MOSCOW, 26 October — Gunmen holding hundreds of hostages in a Moscow theater to press their demand that Russian forces withdraw from Chechnya threatened to begin killing their captives today at sunrise, while the Kremlin scrambled yesterday to frame a counteroffer that would avert bloodshed.
After a meeting with President Vladimir Putin, Federal Security Service chief Nikolai Patrushev promised the hostage-takers’ lives would be guaranteed if they freed their captives.
Putin said that "the preservation of the lives of the people who remain in the theater building" was his overriding concern. But aside from Patrushev’s brief statement, the Kremlin’s strategy has not been made known, and Putin in the past has vowed not to countenance negotiations with Chechen rebels unless they focus on disarmament by the rebels and an end to their independence drive.
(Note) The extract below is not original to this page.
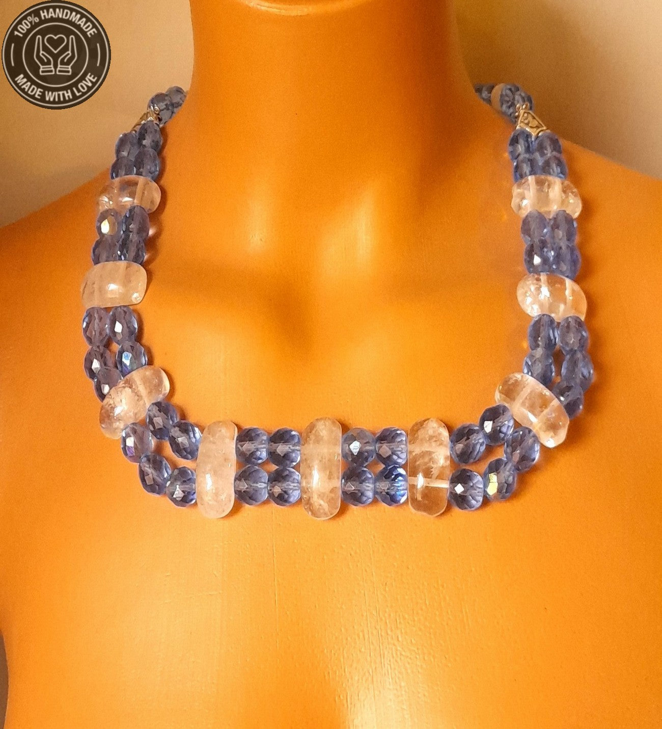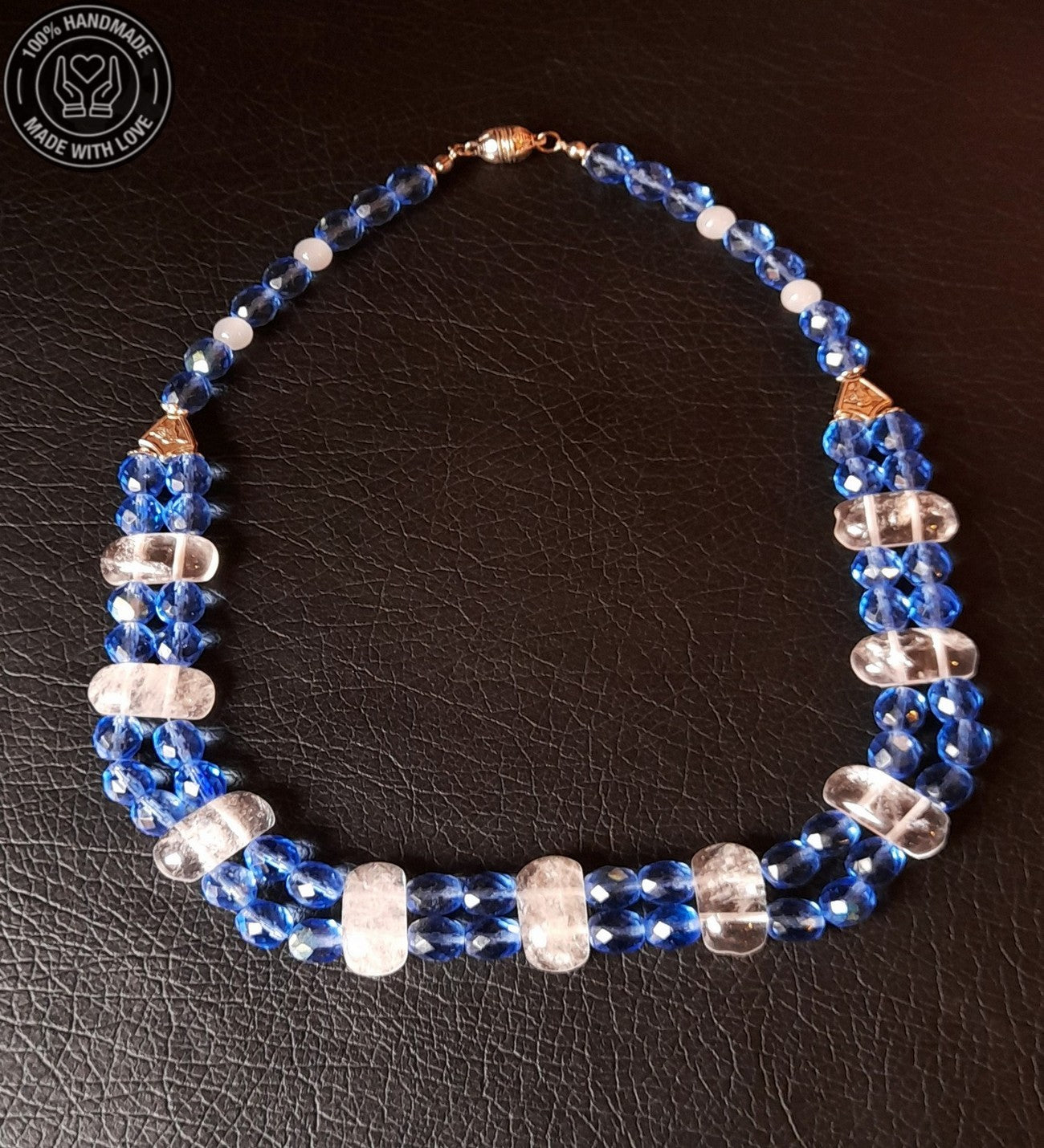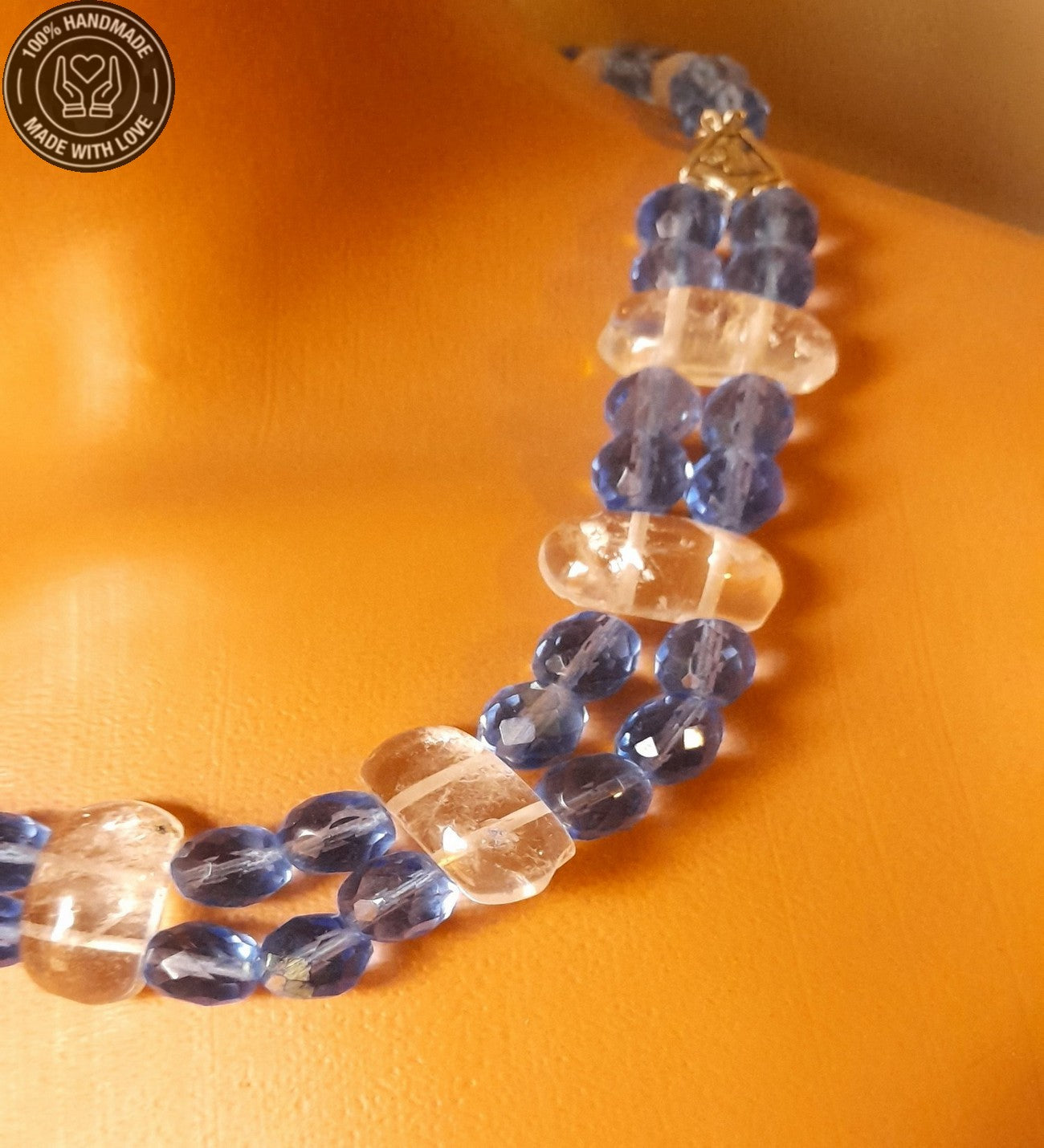 Mavi Kuvars Dumanlı Kuvars Özel Seri Iki Sıralı Topraklama, Ifade Ve Huzur Kolyesi

It was unclear whether that guarantee had been transmitted to the gunmen, much less whether it would be received with anything other than disdain. The heavily armed hostage-takers have said they are ready to die and take the estimated 600 to 800 hostages with them if their demands aren’t met, and they repeated yesterday that they will negotiate only with a Putin representative.
Daria Morgunova, a spokeswoman for the musical that was in progress when the assailants stormed the theater Wednesday night, told The Associated Press that an actor who was among the hostages called her to say that the captors had threatened to begin killing hostages at dawn. She said she received the call about two hours before Patrushev’s statement.
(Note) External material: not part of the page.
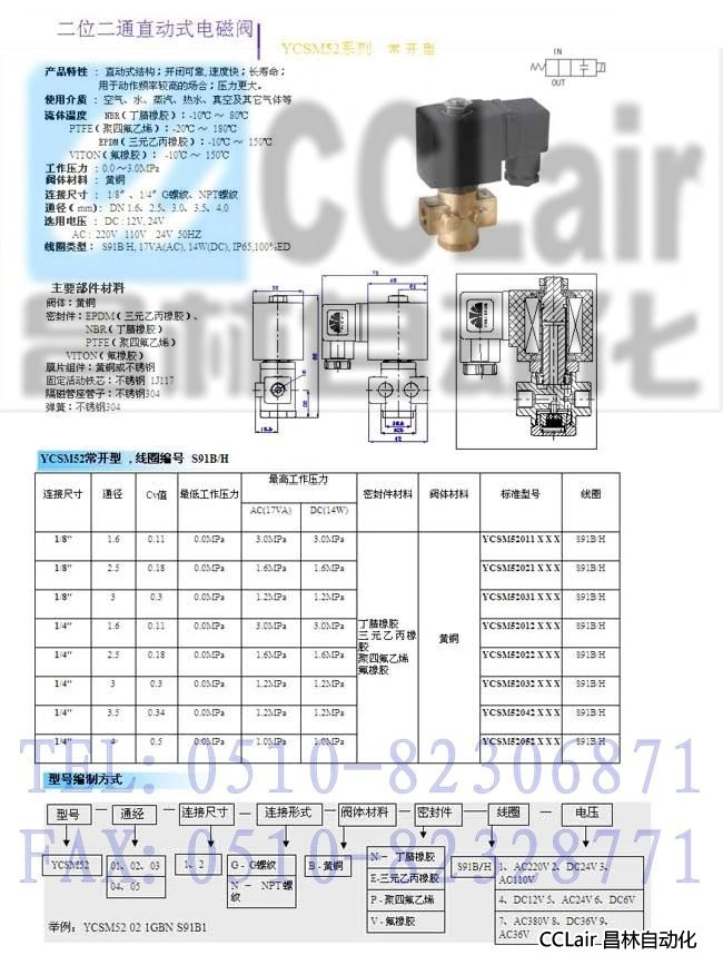 YCSM52011,YCSM52012,YCSM52021,YCSM52022,YCSM52031,二位二通直動式電磁閥
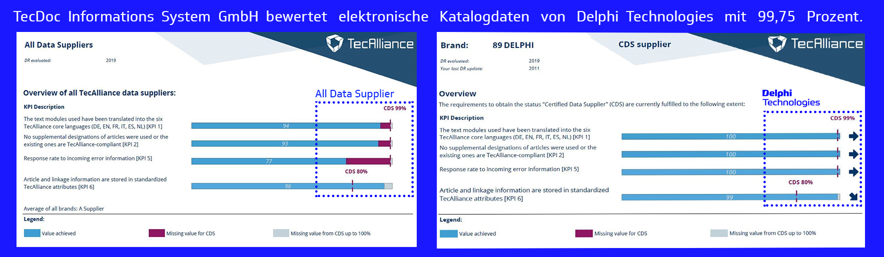 TecDoc Informations System GmbH bewertet elektronische Katalogdaten von Delphi Technologies mit 99,75 Prozent. In den vergangenen Jahren hat Delphi Technologies Datenqualität, Fahrzeugabdeckung, Sortimentsbreite und den Service für Handel und Werkstatt spürbar verbessert.

With less than hours to go before dawn, several influential figures entered the theater in efforts to mediate with the captors, including former Prime Minister Yevgeny Primakov and Aslanbek Aslakhanov, who represents Chechnya in the Russian Parliament and is despised by rebels as a tool of the Kremlin, and Ruslan Aushev, the former president of Ingushetia, a region bordering Chechnya.
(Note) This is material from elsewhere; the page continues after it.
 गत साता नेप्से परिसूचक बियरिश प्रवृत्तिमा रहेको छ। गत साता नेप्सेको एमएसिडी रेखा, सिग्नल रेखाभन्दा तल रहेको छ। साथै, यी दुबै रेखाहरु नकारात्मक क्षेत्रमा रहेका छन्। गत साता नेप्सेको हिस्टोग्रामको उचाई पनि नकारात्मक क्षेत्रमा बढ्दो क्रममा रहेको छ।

Aushev said the assailants told him they would only negotiate with a presidential representative, and he added that there was a risk they might take "extreme measures." The hostage-takers have derided the Kremlin for refraining from sending high-level officials to negotiate.
All the other would-be mediators returned from the building except for Anna Politkovskaya, a reporter for the independent newspaper Novaya Gazeta who is admired in Chechnya for her bold criticism of Russia’s war there. Earlier in the day,
Politkovskaya said that the Chechens would let their captives go if President Vladimir Putin said the war in Chechnya was over and the withdrawal of Russian troops from part of the region could be verified. She emerged after about five hours of talks with the hostage-takers inside the theater. Asked if she thought they were preparing to take action by killing the hostages, Politikovskaya said they told her ‘"We’re going to wait only a little while"’ for the demands to be met.
The gunmen released 19 hostages yesterday, including eight children, but a promise to free the estimated 75 foreigners among the captives went unfulfilled.
The children, dressed in winter coats — and one clutching a teddy bear with aviator goggles — appeared unharmed and healthy as they left the building.
Hostages gave varying accounts of conditions in the theater. "We are safe and sound, it’s warm and we have water and there’s nothing else we need in a situation like this," captive Anna Adrianova told Ekho Moskvy radio early yesterday, but she later said conditions had deteriorated. Another hostage said the situation was tense and the captives hadn’t received food or water and been using the theater’s orchestra pit as a toilet.
Yelena Malyonkina, another spokeswoman for the Nord-Ost musical that was being staged in the theater, said she spoke to a captive official from the production, Anatoly Glazychev, who told her that a bomb was placed in the center of the theater and all the aisles and stage were mined.
A group of about 80 demonstrators outside the theater carried banners and chanted anti-war slogans. Several said they were responding to requests from relatives who were among the hostages.
Alexander Petrov, a demonstrator who said he had friends inside the theater, said that previously he had not been opposed to the Chechen war, but now "what way out is there?"
Dozens of Nord-Ost cast members showed up later to sing tunes from the musical, tears coursing down their faces, in a gesture of support and concern for their comrades inside.
Russian Deputy Interior Minister Vasily Vasilyev accused Chechen separatist President Aslan Maskhadov of personally organizing the hostage-taking. He said his allegations were based on the hostage-takers’ comments to the Qatar-based Al-Jazeera television network.